The achievement of optimal energetic and economic results through combined heat and power plants is a complex problem. In fact, it is not possible to quantify the benefits even with an accurate knowledge of the user load profiles. The number of variables involved in the problem could also completely change energetic and cost savings with changes in regulation, tariffs or reference energetic scenarios. Equally significant is the dependence on the plant configuration and its management strategy. The study, for example, has revealed that the overall energy savings can vary in the range of 0-19% for a specific CHP gas engine.
Therefore, a predictive analysis such as the one proposed in this study is important in determining a plant solution (engine size, plant configuration, management logic, possible absorption chiller size, engines number, etc. – as shown in the figure) that approaches the best energetic solution while ensuring a reasonable profit. For this reason, the determination of the plant optimal configuration has been pursued through a multi-objective approach, specifically through the genetic evolutionary algorithm MOGA II implemented in the optimization software mode FRONTIER®. The study shows how the search for configurations aimed at maximizing the global energy saving leads to the simple payback worsening results (as shown in the figure). The configuration of a trade-off between Primary Energy Saving and Simple Payback confirms the inability to conduct any predictive analysis that disregards the use of vector optimization.
The potential energy savings of combined heat and power justifies the attention given to the cogeneration technology based on reciprocating internal combustion gas engines. The plant configurations and management strategies analyzed in this work, which require further optimization and refinement, indicate primary energy savings approaching 20% for hospital facilities. The result is even more interesting when you consider that the load variability in the civil sector often affects, at least partially, the potential benefits of combined heat and power.

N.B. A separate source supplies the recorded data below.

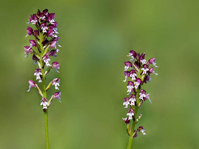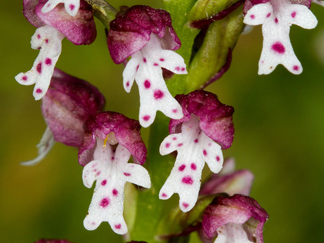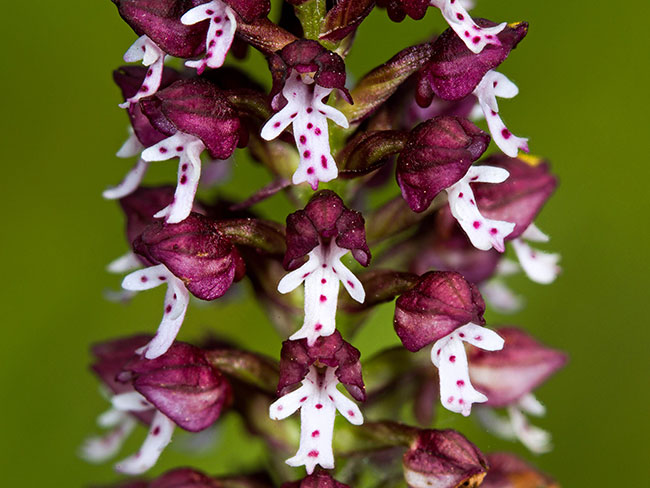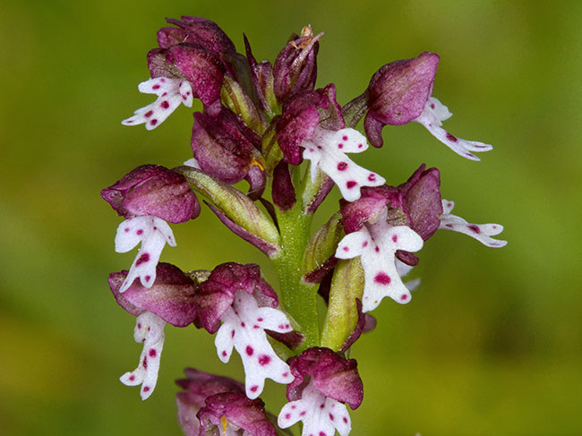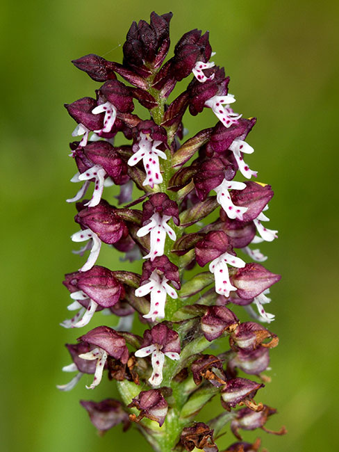 Višegodišnja biljka. Gomolji loptasti do jajasti, pored ovihrazvijeni su i srazmerno debeli korenovi. Stabljika tanka, visoka 10-30 (50) cm, na poprečnom preseku ± okrugla do neznatno uglasta, svetlo zelene boje. Listovi izduženo lancetasti do skoro linearni, pri osnovi prošireni u obliku rukavca, na vrhu šiljati, plavičastozeleni, na donjem delu stabljike međusobno zbijeni, veliki, gornji su manji, priljubljeni uz stablo koje obuhvataju u vidu rukavca. Cvast klasolika, pre cvetanja kupasta do jajasta, crnkastopurpurne boje, kasnije valjkasta, pri osnovi nešto rastresitija, sastavljena od brojnih cvetova. Cvetovi mali, prijatnog mirisa (na med ili vanilu, ređe neprijatnog na stenice). Donje brakteje malo ili za polovinu kraće od plodnika, jajasto lancetaste, šiljate, većinom sa jednim nervom, gornje iste dužine ili duže od plodnika, obično svetlo ljubičaste do purpurne. Listići perigona slobodni, skupljeni u vidu kratke, skoro loptaste, zatupaste kacige, spolja tamno purpurnomrke, iznutra mnogo svetlije, ljubičastozelenkaste boje. Bočni spoljašnji listići su jajasti, većinom širi od srednjeg i nešto šiljatiji. Bočni unutrašnji su kraći i mnogo uži. Labelum duboko trorežnjevit, naniže upravljen, nešto duži od spoljašnjih listića perigona, dugačak 2-4 mm, beo ili ređe svetlo crven, poprskan malobrojnim, većinom tamno purpurnim pegama; bočni režnjevi izduženi i odsečeni, često na krajevima prošireni i katkad nazubljeni, srednji režanj duži i ka vrhu postepeno proširen, na vrhu rasečen u 2 kratka, zatupasta, često nazubljena režnjića, među kojima se često nađe i jedan zubac. Ostruga kupasta, dugačka 1-1,5 mm, zatupasta, dugačka kao 1/3 do 1/4 plodnika, naniže savijena, bele do ljubičaste boje. Srazmerno veliki ginostemijum nosi žućkastu anteru.
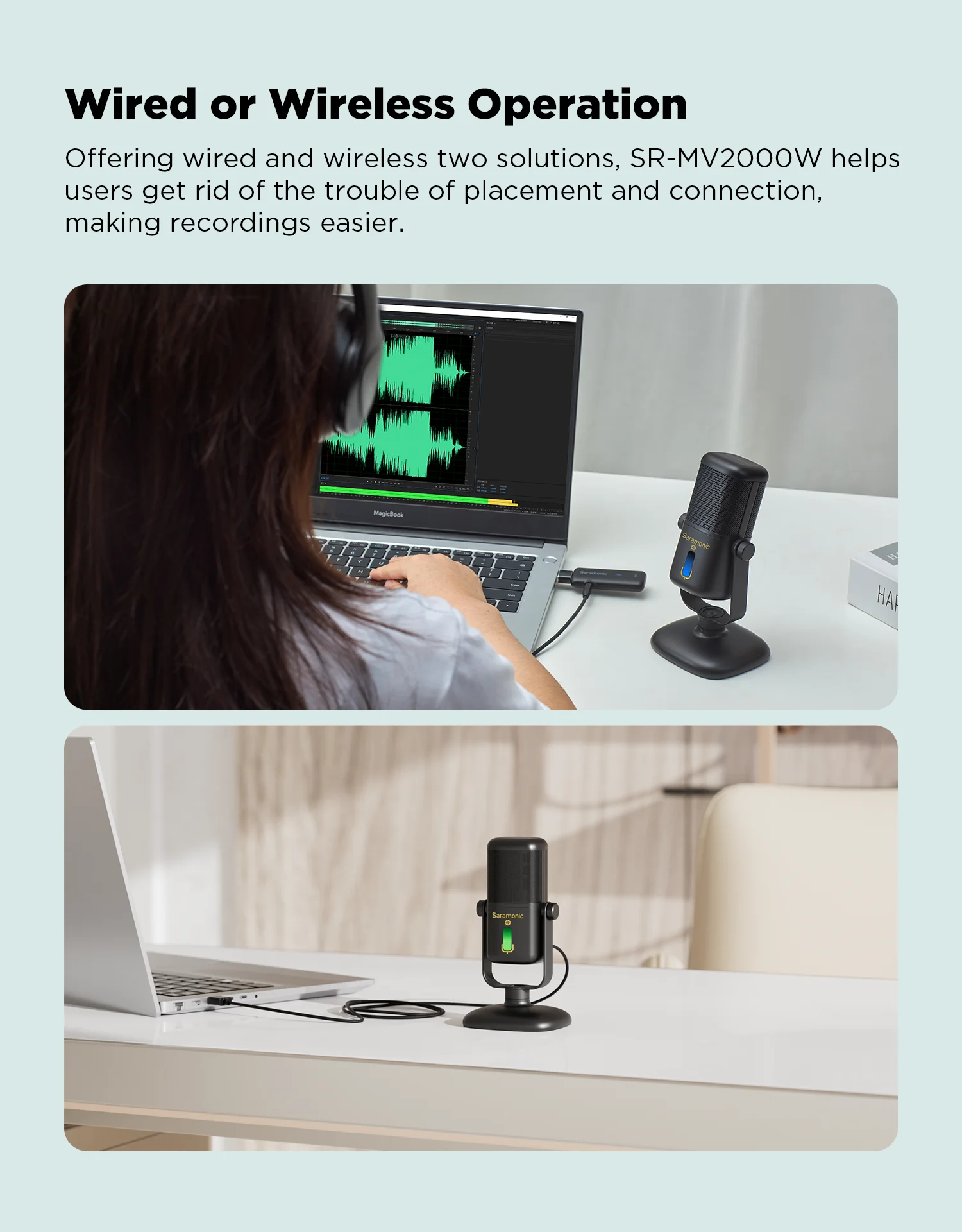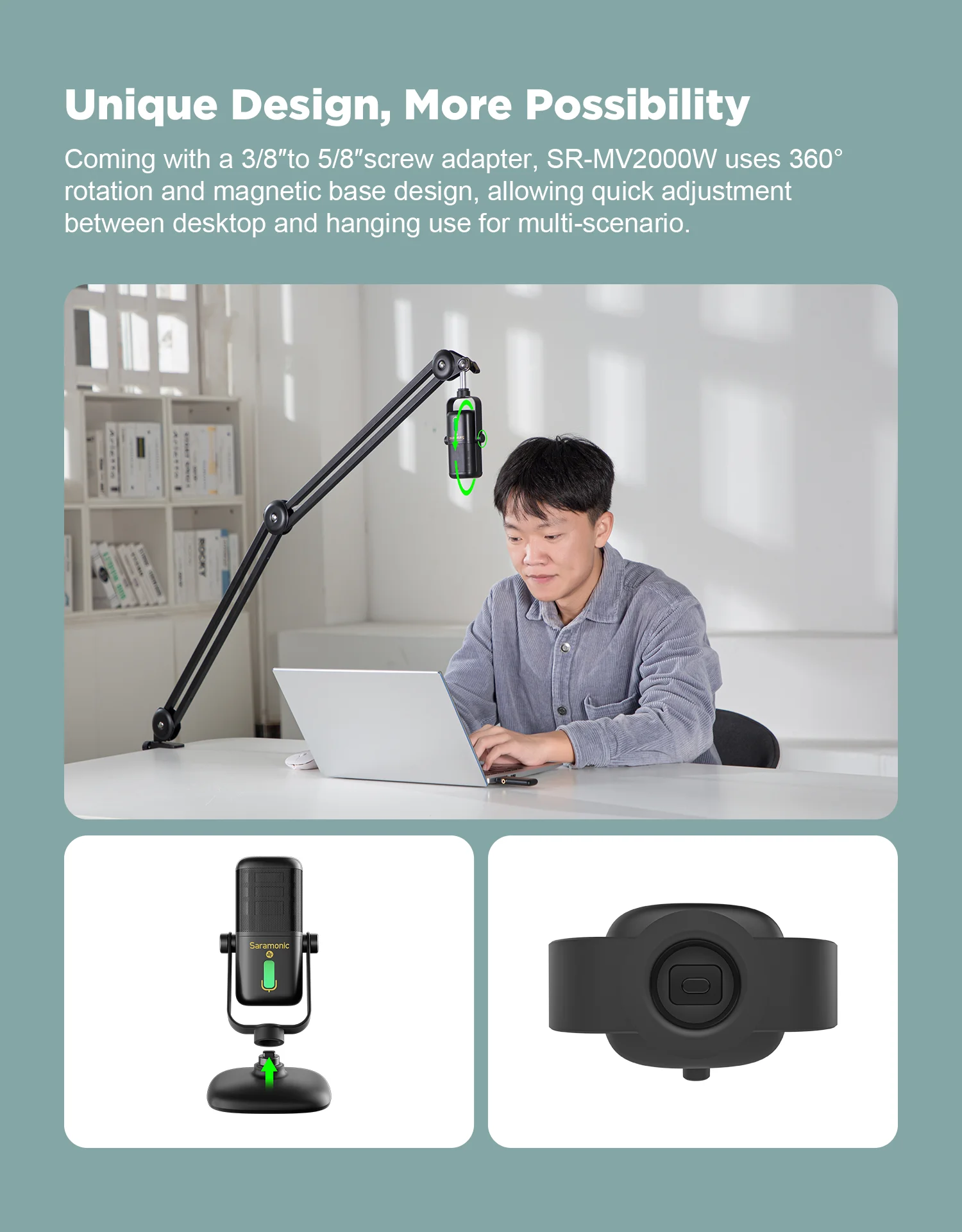 SR-MV2000W передатчик имеет встроенный поп-фильтр, кардиоидным узором, а также высокого качества 3,5 мм выход для наушников, в комплекте с высокой точностью, регулятор громкости, позволяет передавать тепло и звук присутствия, а также легко контролировать звук. Уникальная Съемная Магнитная настольная подставка позволяет SR-MV2000W легко смягчить удары и удары при снятии. Что лучше, интегрированная конструкция с поворотным креплением на 360 градусов может быть быстрой и удобной для позиционирования на столе, подставке для микрофона или в студии. Благодаря компактному корпусу и многоцветному светодиодному Индикатору SR-MV2000W утончила быстрый и простой способ записи.
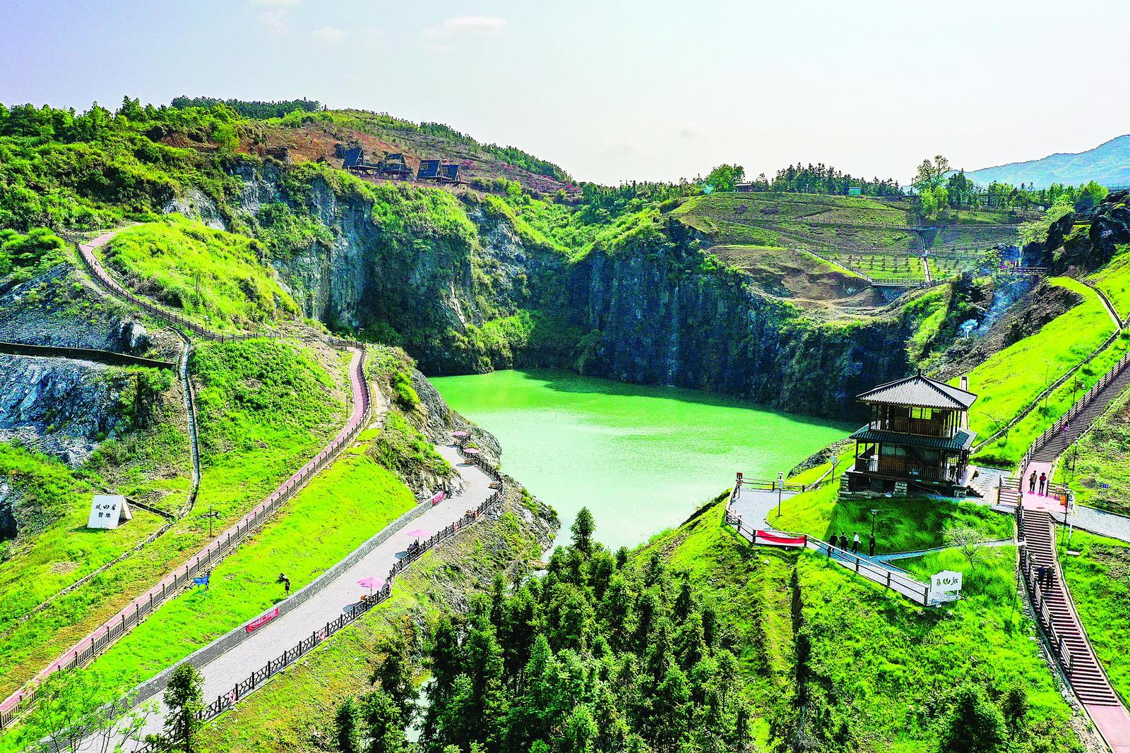 九村村位于顺昌县元坑镇,近年来结合“武夷百村”竞秀行动以及沙南高速通车契机,实施“百合种球繁育·翡翠山户外营地·水泥厂老旧小区改造”综合建设项目,构建“现代农业+生态露营+消费集群”乡村发展新格局。其中,翡翠山户外营地项目以废弃矿山转型为核心,打造综合旅游项目,实现了矿山蝶变、旅游业态升级。图为翡翠山户外营地。 (朱宇 朱城铖 摄)
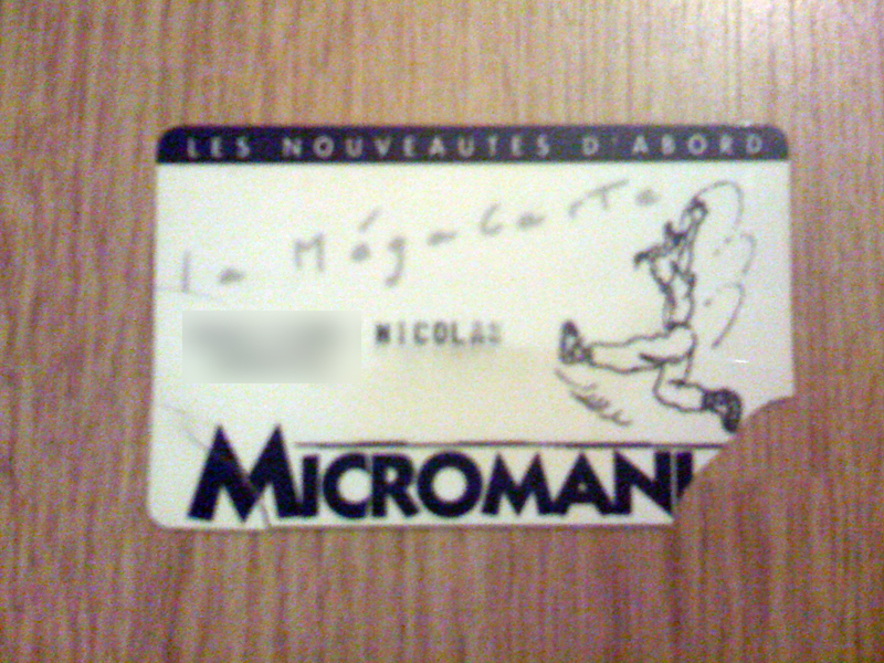 En fait chez Micromania je suis client depuis le tout début, au point d’avoir encore le tout premier modèle de la mégacarte, la carte de membre Micromania. Elle a maintenant 18 ans (ouais ça se voit hein), je l’ai eu début 1991.
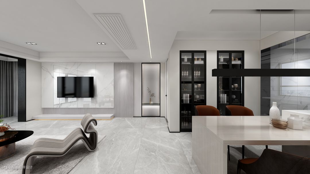 客厅沙发背景采用木饰面板装饰,增加墙面装饰灯带增加层次感,富有设计感的落地灯给屋内增加氛围,沙发背景一侧设计洗墙灯,通过灯光的调节与乳胶漆的分色处理,来划分整个背景墙,增加设计的层次感。
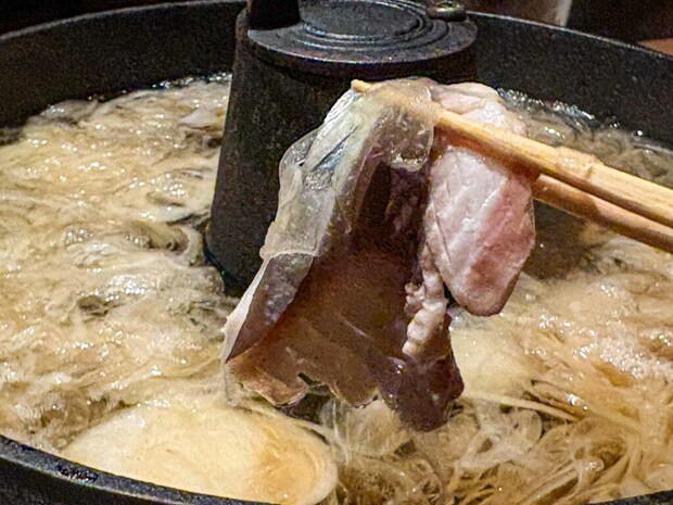 今回訪れたゆらくさんのさばしゃぶは、出汁と玉ネギが鍋に入っていて、しゃぶしゃぶしたサバと一緒に味わえるが特徴です。
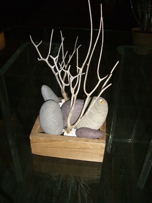 A sculpture she fashioned. The centerpiece is a piece of coral with branches growing out of it that she found and carried back from Mexico.
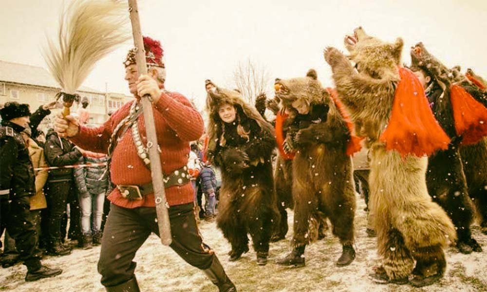 Obiceiul umblatului cu Ursul este întâlnit doar în Moldova, de Anul Nou. Ursul este întruchipat de un flăcău purtând pe cap și umeri blana unui animal, împodobită în dreptul urechilor cu ciucuri roșii. Masca este condusă de un “Ursar“, însoțită de muzicanți și urmată, adesea, de un întreg alai de participanți. În răpăitul tobelor sau pe melodia fluierului, și ajutată de un ciomag, masca mormăie și imită pașii legănați și sacadați ai ursului, izbind puternic pământul cu tălpile. Semnificația este purificarea și fertilizarea solului în noul an.
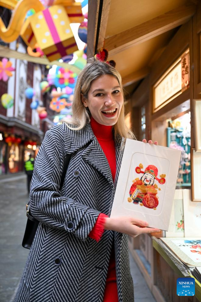 Aleksandra Antonenko poses for a photo with a Suzhou embroidery piece at a traditional crafts booth of Yuyuan Garden shopping mall in Shanghai, east China, Feb. 6, 2026.
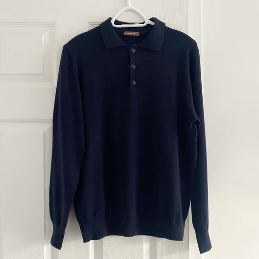 Nodus Navy Merino Wool Polo Neck in Navy, size Large
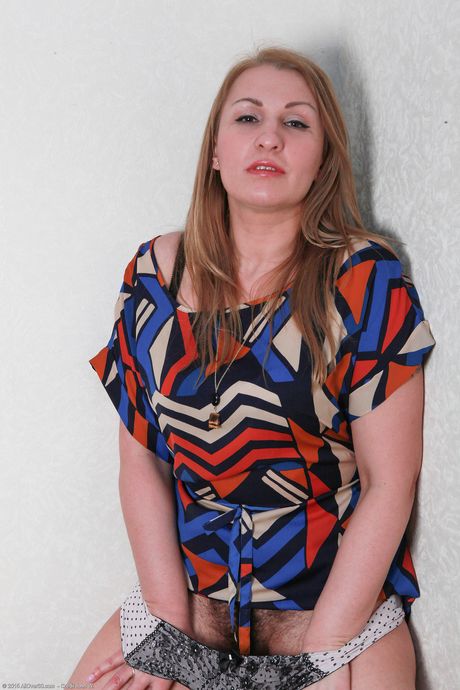 Mature lady Dana Karnevali shows her big tits and hairy pussy in heels
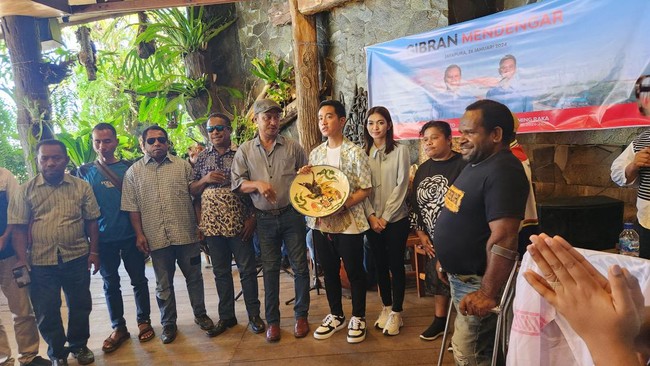 Gibran juga diberi cenderamata dari kelompok disabilitas sebagai kenang-kenangan dari Papua. Gibran terlihat didampingi oleh istrinya, Selvi Ananda, Menteri Investasi/BKPM Bahlil Lahadalia, Wakil Sekretaris TKN Prabowo-Gibran, Aminudin Ma'ruf dan jajaran TKN lainnya.
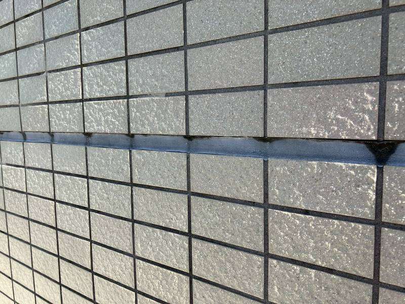 今日の作業は、引き続き、タイル目地のコーキング作業を行っています。
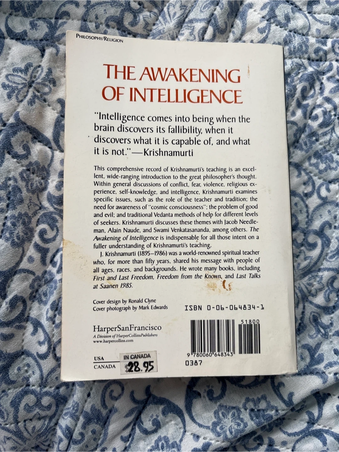 Selling a copy of "The Awakening of Intelligence" by J. Krishnamurti. This book falls under the Philosophy/Religion category. It originally retailed for $28.95 in Canada. A great read for anyone interested in self-knowledge and intelligence
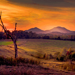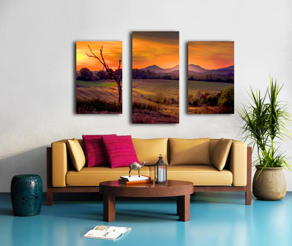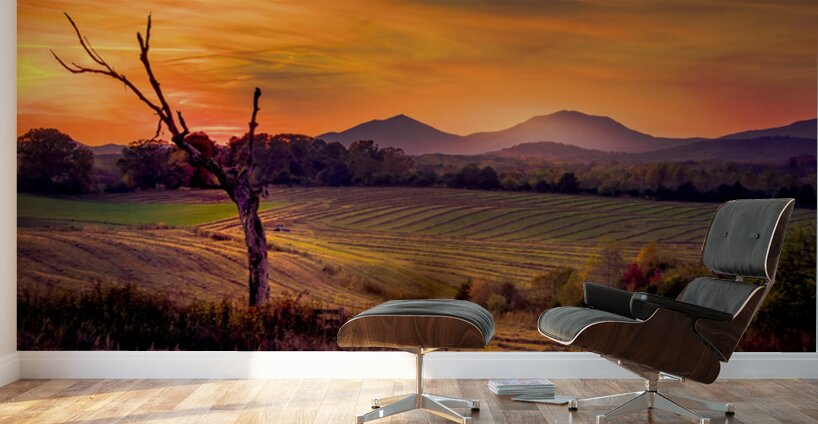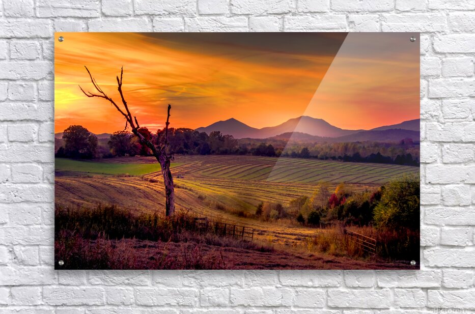 A breathtaking Appalachian Mountains Autumn vista sunset casts a vibrant palette of oranges and purples across the sky, silhouetting a barren tree in the foreground. The structured lines of the agricultural fields and open gate lead the eye toward the majestic mountains in the background, creating a captivating sense of depth. The harmonious blend of nature's elements evokes a feeling of tranquility and awe.
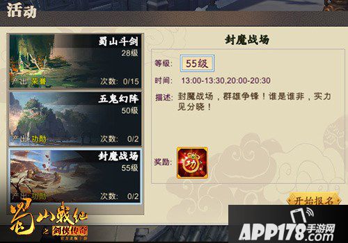 各位剑仙可在等级达到50级以后,通过活动面板报名参加,开放时间是每天13:00--13:30、20:00—20:30两次,每次10分钟。整个战斗过程可谓血脉喷张,瞬息万变。个人战力与装备的差距已经不是左右战局的决定因素,团队配合、战术打法才是考虑的重点。
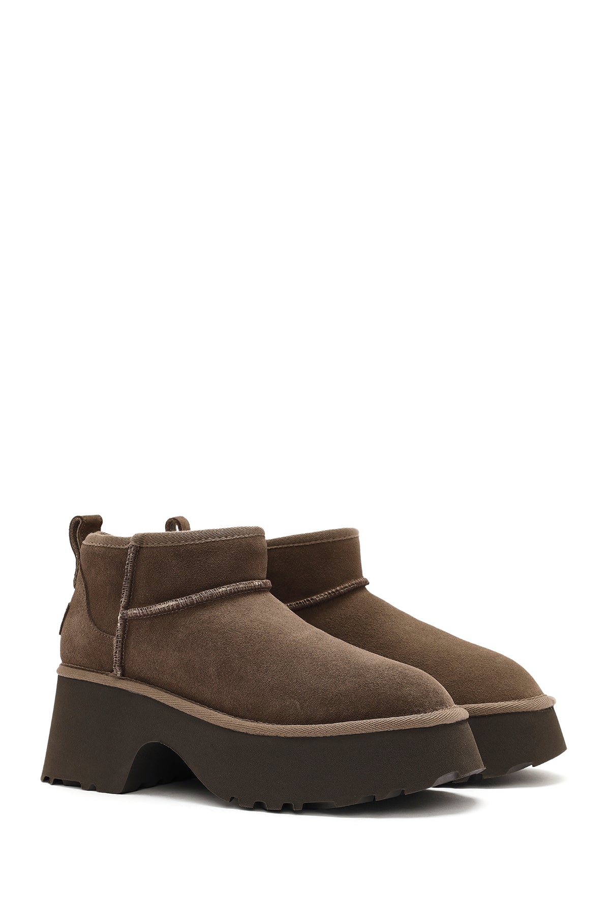 Kadın Vizon Kalın Tabanlı Süet Deri Teddy Bot
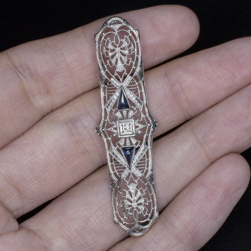 Crafted in the 1930s-1940s, this vintage pendant is a fantastic find with an iconic, Art Deco design, a grillering diamond center and sapphire accents! Finished with intricate filigree and milgrain details hand perfected in solid 14k white gold, this pendant is historied and utterly unique!
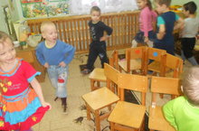 “Урындыклар”. Көй башлануга урындыклар тирәли бииләр. Көй туктауга урындыкка утырып калырга тиешләр, урындыксыз калган уенчы уеннан чыгарыла (урындыклар саны уенчылар саныннан бергә ким алына).

With regard to the S. Paolo Hospital in Naples, for example, solutions that use three gas engines are particularly interesting and are characterized by energy savings of approximately 18%, SPB of approximately 4 years and electric power output in the range 225-240 kW for each engine. These solutions seem to represent a good compromise of operational flexibility, plant simplification and power reliability in the case of short or long power outages.
Applied Energy, Volume 104, 2013, Pages 910-923.
Alfredo Gimelli, Massimiliano Muccillo.
Department of Mechanical and Energy Engineering, University of Naples Federico II, Via Claudio, 21, 80125 Napoli, Italy
Cogeneration is commonly recognized as one of the most effective solutions to achieve the increasingly stringent requirements in primary energy consumption reduction and greenhouse emissions reduction. The potential of cogeneration led to the adoption of specific directives promoting this technique. In addition, distributed generation plays a strategic role in power reliability. The study and prototyping of cogeneration plants has thus involved many research centers. Similar activities were carried out by DiME (University of Naples). These activities highlighted the need to study the cogeneration system-user interaction to estimate the real energetic and economic benefits.
The paper develops a specific methodology that is used to conduct an analysis on the loads of a specific hospital facility. The energetic and economic benefits generated by CHP plants depend on plant and user characteristics, plant layout, management strategies, and economic variables. Therefore, the potential benefits that have attracted the attention of the scientific community are not always granted. For this reason, a predictive analysis is needed to find the optimum configuration of the plant (i.e., engine size, plant configuration, management strategies, absorption chiller size, engine number) that approaches the best energetic solution while ensuring a reasonable profit. Therefore, this study attempts to determine the optimal configuration through a multi-objective approach.